■ What is being asked ■
No pictures, please. Output the lines from the start of the data through the line that contains "6年生は、総合的な学習の時間", both included, exactly as they stand.

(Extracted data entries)
━━━━━━━━━━━━━━━━━━━━

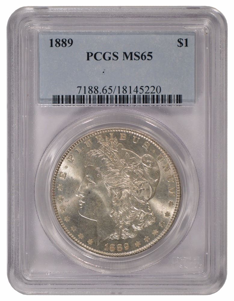 One 1889 $1 Morgan Silver Dollar Coin PCGS MS65.
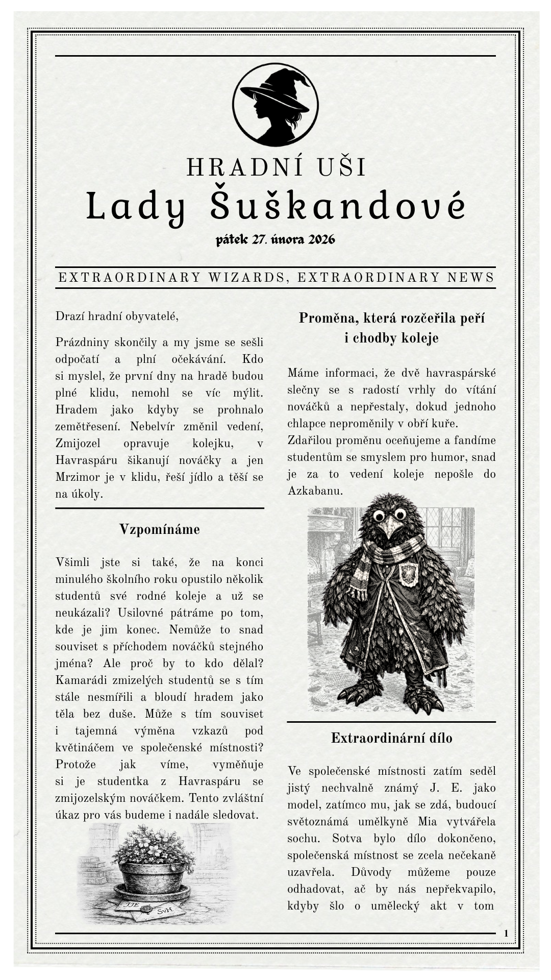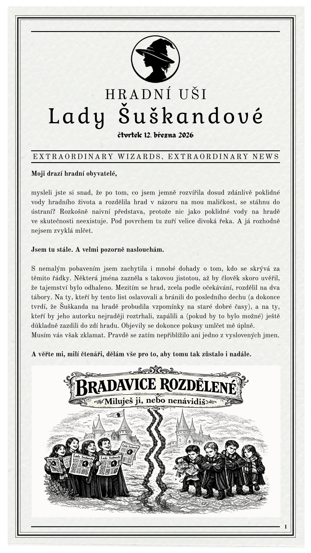 Jenže některé oči vidí ostřeji. Některé uši slyší hlasitěji. Šeptanda se totiž po chodbách nenese potichu. Zanechává stopu. Drobnou, sotva znatelnou… ale naprosto čitelnou pro toho, kdo ví, kde a hlavně kdy naslouchat. A co se jednou pošeptá… to se dříve či později objeví na pergamenu. A kdo ten pergamen drží v ruce?
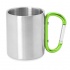 Metalowy kubek z podwójną ścianką i karabińczykiem, dostępny w różnych kolorach. Pojemność 220 ml. Pakowanie jednostkowe w białe pudełko z kartonu.
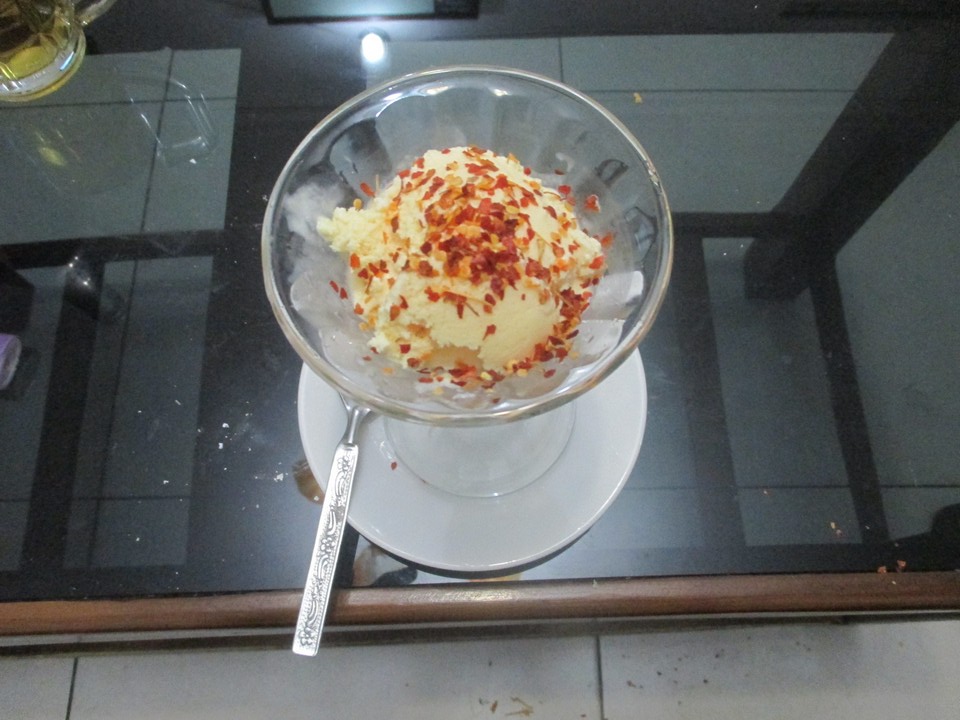 After my very tasty main, D.G asked me if I would like some ice cream for dessert and although I am not a great sweet eater I agreed and then he threw me completely by asking did I want chilli on my ice cream? What? I have eaten a lot of dishes in a lot of places but this was a new one on me. In all my travels in Asia where chilli is King I had never heard of this before but I like chilli so why not? I kid you not, it is gorgeous.
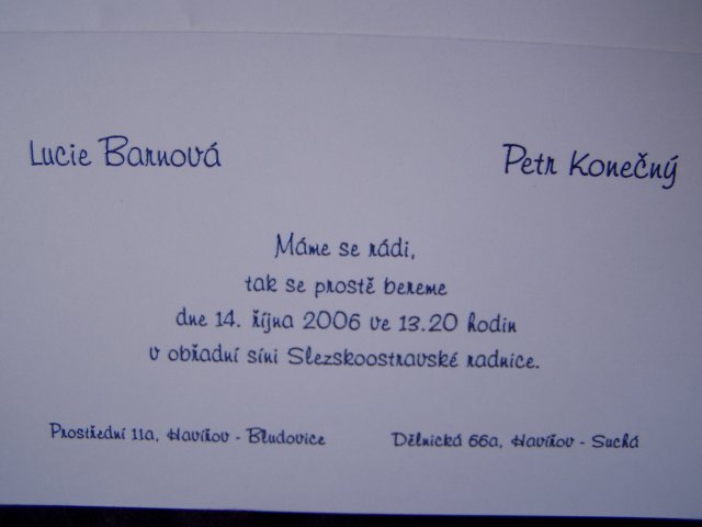 Svatbu budeme mít 14.10.2006 ve 13:20 na Slezskoostravské radnici v Ostravě.
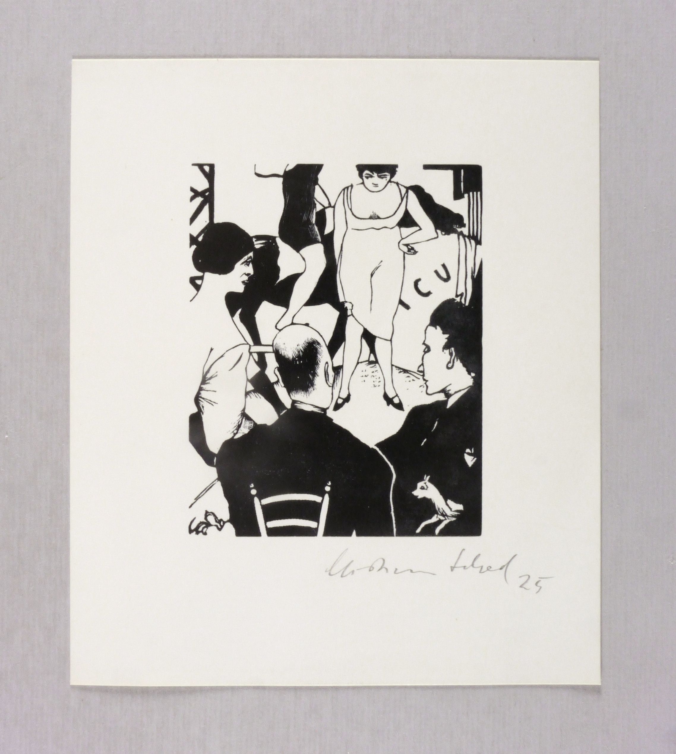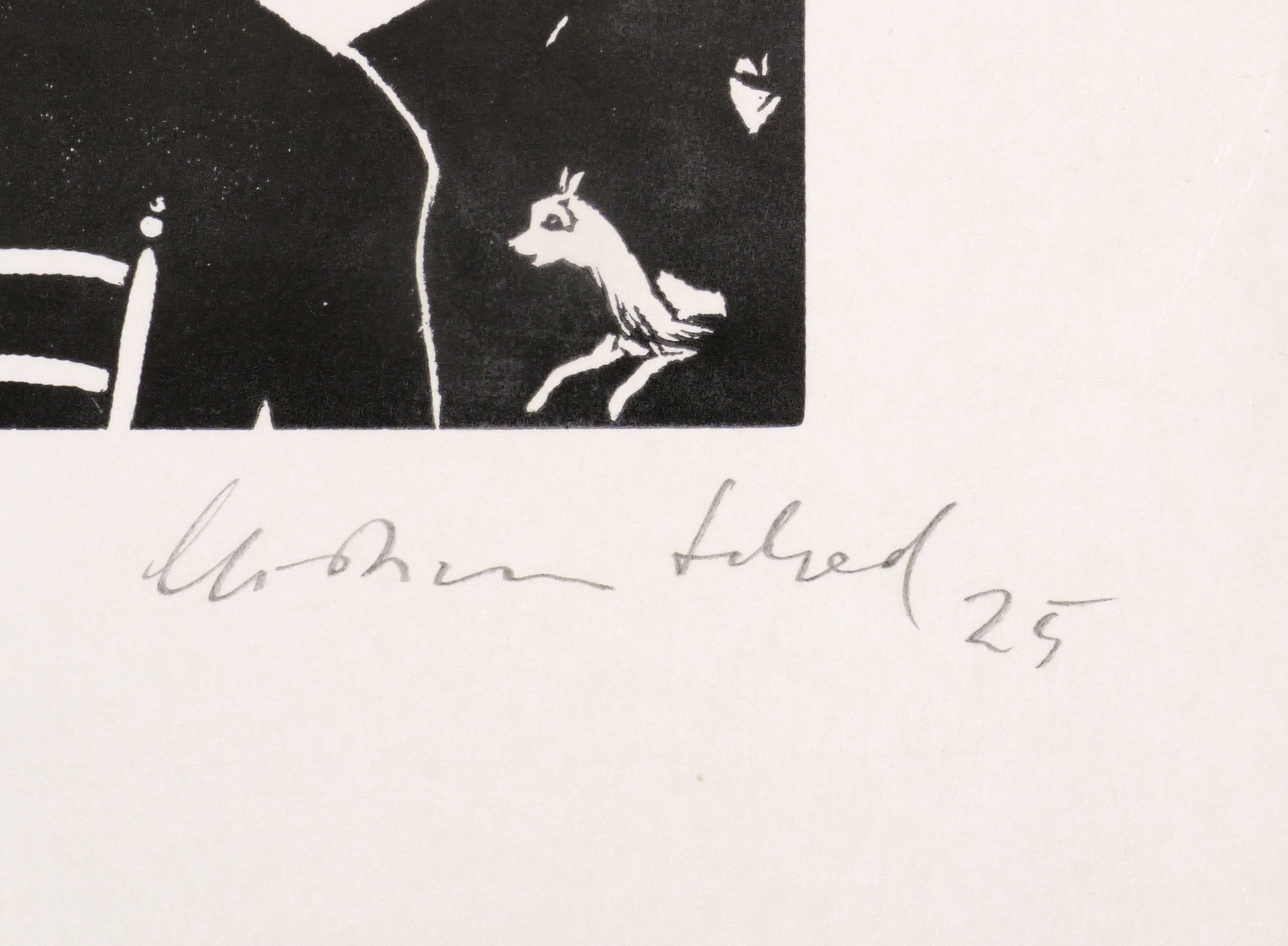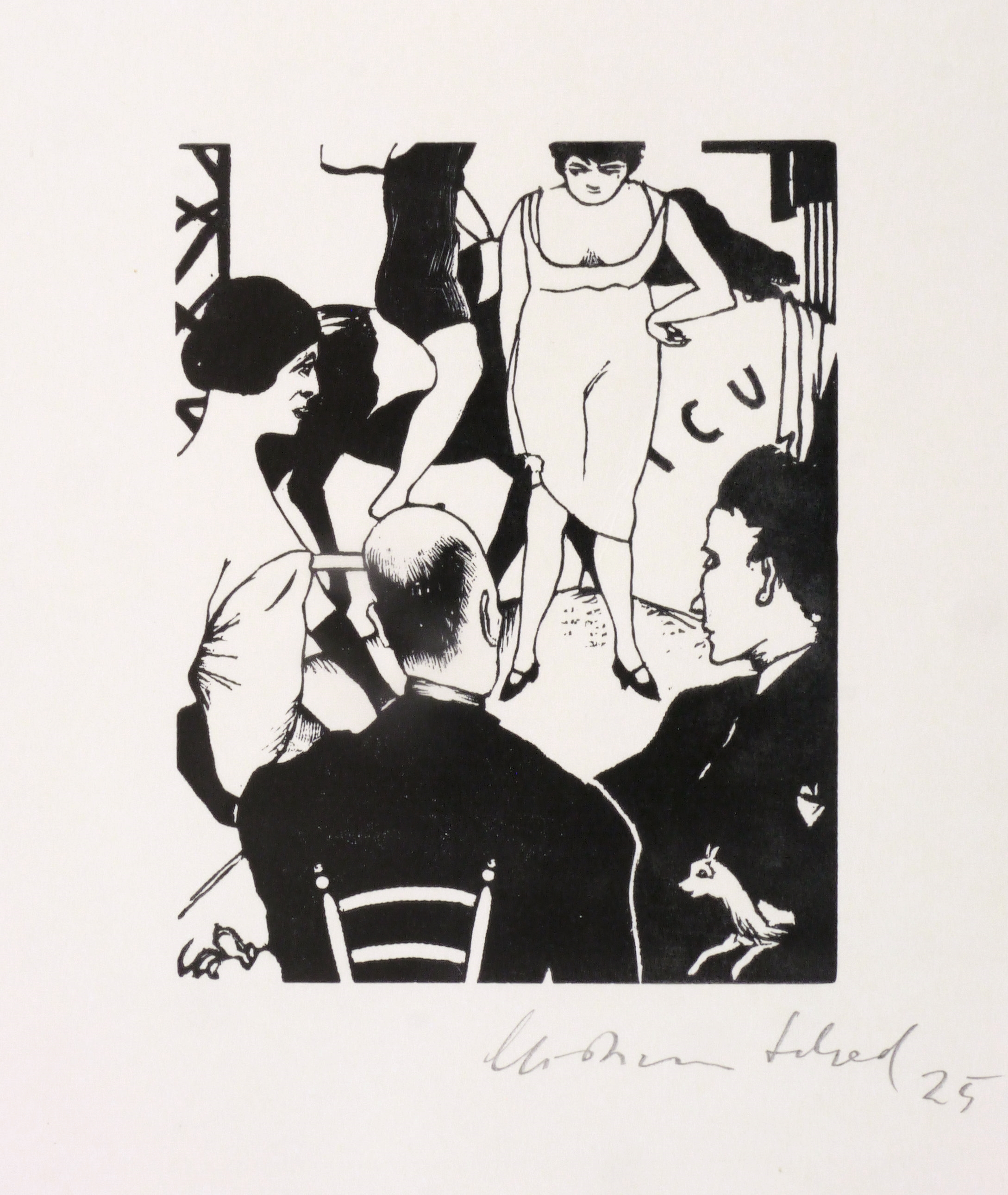 1925. Holzschnitt, in Schwarz, auf glattem weißem Karton. – Originale Künstlergrafik, von Christian Schad. – 12,2 x 9,6 cm (Darstellung / Druckbild), 21 x 18 cm (Blatt).
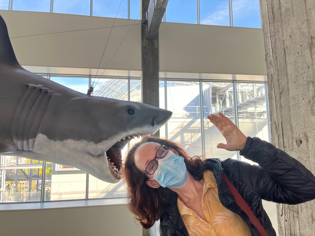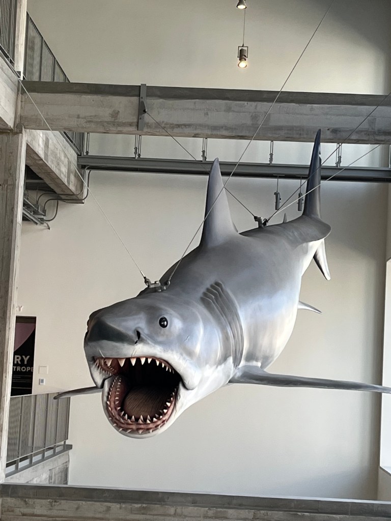 Hanging from above, a model of “Bruce,” the shark from Jaws . . .
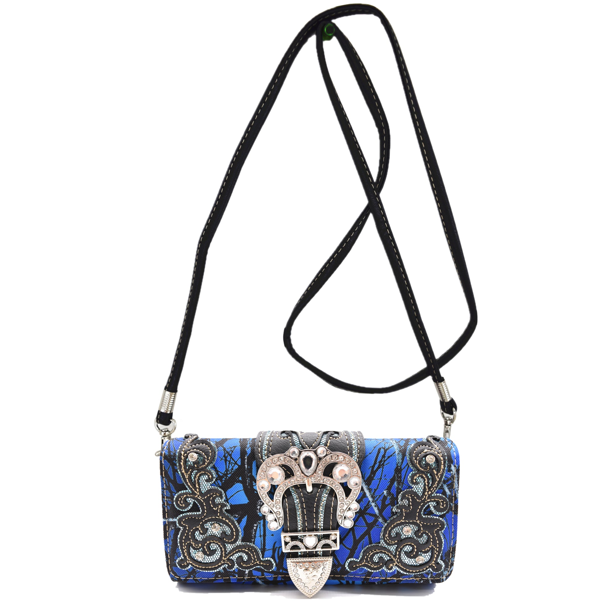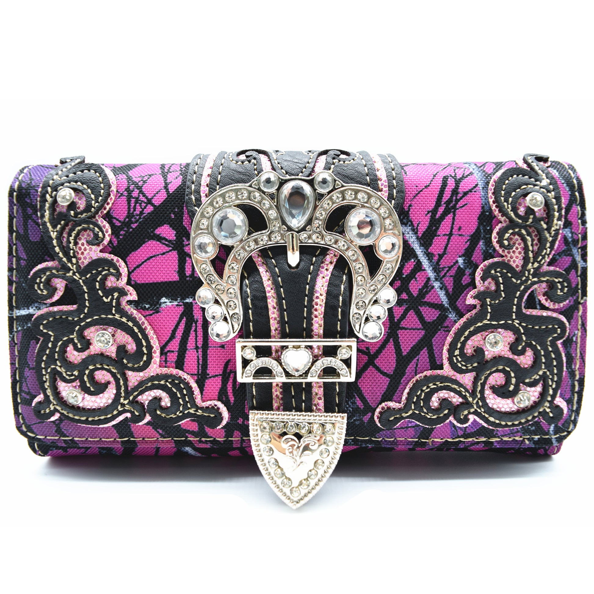 Camouflage Buckle Laser Cut Floral Western Style Women Trifold Wallet
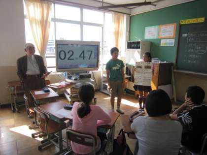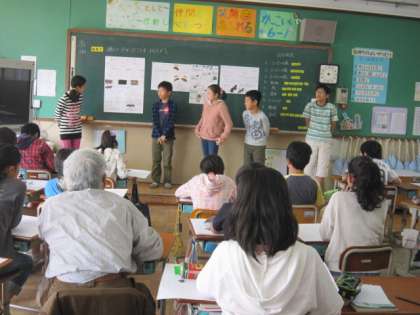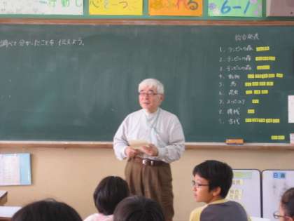 6年生は、総合的な学習の時間に京大博物館の展示の中から自分の興味をもったことについて調べ、人に分かりやすく伝えることをめあてにまとめて表現しています。今日は、博物館の館長さんに教室まで来ていただいて、自分の調べたことを発表しました。詳しく調べたことを、館長さんからもほめていただいたり、これからの活動のヒントをいただいたりしました。
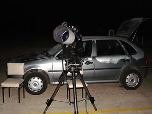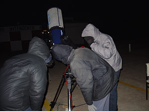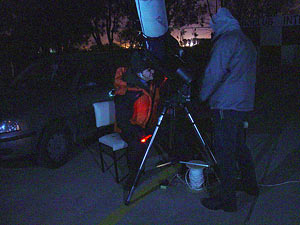 El telescopio Meade LX-90 con el que observamos cantidad de objetos del espacio profundo, posando para la foto (izquierda) con letras escritas con luz. A la derecha, Alejandro, Sebastián y Enzo, observando con el telescopio.
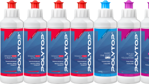 半導体シリコンウェハ鏡面仕上げ用研磨材で世界のトップシェアを誇るフジミインコーポレーテッドの独自技術を用いて開発したコンパウンド「MIRAFLEX」シリーズ。最大の特徴は、研磨時間の大幅短縮とクリヤー塗膜の膜減り低減。半導体研磨で長年培った砥粒技術を駆使して開発した小さくて均一な独自形状の研磨粒子により、経年車などのクリヤー層であっても必要以上に塗膜を削り過ぎず、短時間での研磨と良好な仕上がりを両立する。また乾燥を抑え、拭き取りやすい液成分により発塵と油分残留を低減する。
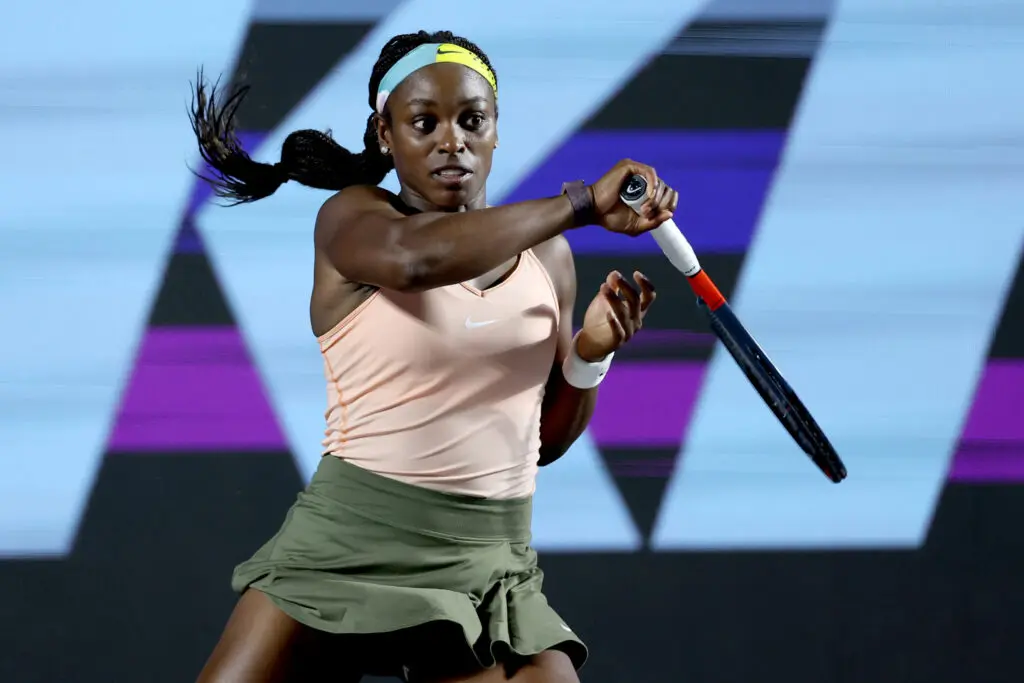 ZAPOPAN, MEXICO – OCTOBER 19: Sloane Stephens of the United States returns a shot to Belinda Bencic of Switzerland on day three of WTA Guadalajara Open Akron 2022, part of the Hologic WTA Tour, at Centro Panamericano de Tenis on October 19, 2022 in Zapopan, Mexico. (Photo by Matthew Stockman/Getty Images)
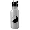 Yin Yang, Παγούρι νερού Ασημένιο με καλαμάκι, ανοξείδωτο ατσάλι 600ml
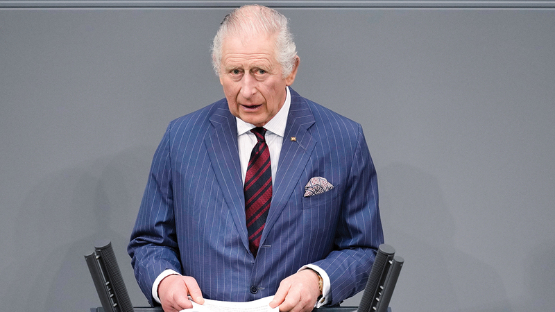 والتقى تشارلز المستشار الألماني أولاف شولتس في برلين، أمس، قبل أن يلقي كلمة أمام البرلمان الألماني.
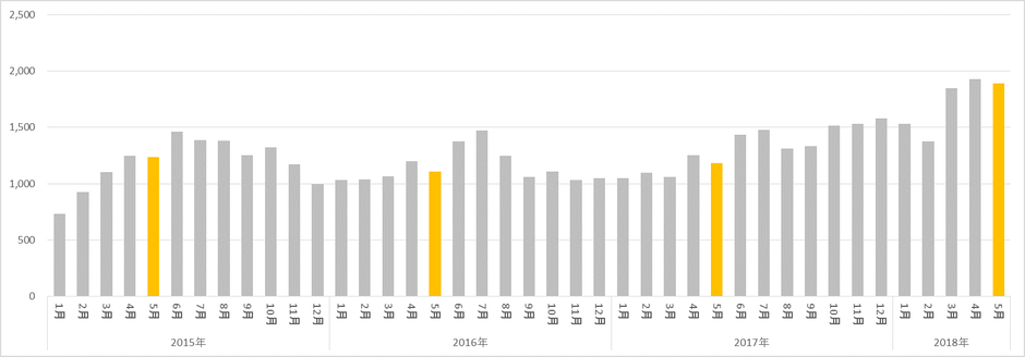 購買ビッグデータ分析の株式会社True Data(トゥルーデータ/本社:東京都港区、代表取締役社長:米倉 裕之)は、全国ドラッグストアのPOSデータによる2018年5月のインバウンド消費動向調査を発表します。当月のインバウンド消費購買件数は1店舗あたり1,889件で、前年同月(1,183件)比は59.7%増と大きく伸長し、当社の調査開始以降5月として過去最高件数を記録しました。1レシート当たりの購買単価は前年同月比7.4%増の15,413円で、好調に推移しています。売上個数ランキングで虫よけシールの「虫きちゃダメ 60枚」が第2位にランクインしました。この商品がトップ3に入るのは調査開始以降初めてです。インバウンド消費における、子ども向け商品への関心の高さがうかがえます。
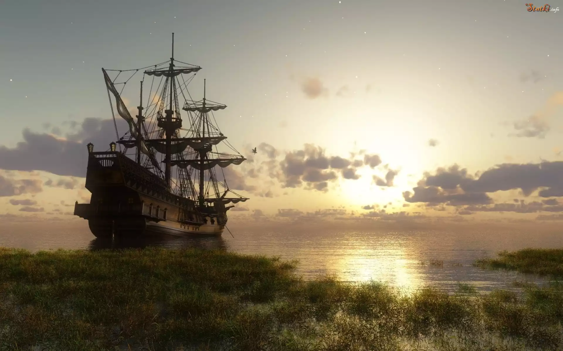 Statek Zakotwiczony, Żaglowiec, Brzeg

━━━━━━━━━━━━━━━━━━━━

■ Problem solution ■
 One 1889 $1 Morgan Silver Dollar Coin PCGS MS65.
 Jenže některé oči vidí ostřeji. Některé uši slyší hlasitěji. Šeptanda se totiž po chodbách nenese potichu. Zanechává stopu. Drobnou, sotva znatelnou… ale naprosto čitelnou pro toho, kdo ví, kde a hlavně kdy naslouchat. A co se jednou pošeptá… to se dříve či později objeví na pergamenu. A kdo ten pergamen drží v ruce?
 Metalowy kubek z podwójną ścianką i karabińczykiem, dostępny w różnych kolorach. Pojemność 220 ml. Pakowanie jednostkowe w białe pudełko z kartonu.
 After my very tasty main, D.G asked me if I would like some ice cream for dessert and although I am not a great sweet eater I agreed and then he threw me completely by asking did I want chilli on my ice cream? What? I have eaten a lot of dishes in a lot of places but this was a new one on me. In all my travels in Asia where chilli is King I had never heard of this before but I like chilli so why not? I kid you not, it is gorgeous.
 Svatbu budeme mít 14.10.2006 ve 13:20 na Slezskoostravské radnici v Ostravě.
 1925. Holzschnitt, in Schwarz, auf glattem weißem Karton. – Originale Künstlergrafik, von Christian Schad. – 12,2 x 9,6 cm (Darstellung / Druckbild), 21 x 18 cm (Blatt).
 Hanging from above, a model of “Bruce,” the shark from Jaws . . .
 Camouflage Buckle Laser Cut Floral Western Style Women Trifold Wallet
 6年生は、総合的な学習の時間に京大博物館の展示の中から自分の興味をもったことについて調べ、人に分かりやすく伝えることをめあてにまとめて表現しています。今日は、博物館の館長さんに教室まで来ていただいて、自分の調べたことを発表しました。詳しく調べたことを、館長さんからもほめていただいたり、これからの活動のヒントをいただいたりしました。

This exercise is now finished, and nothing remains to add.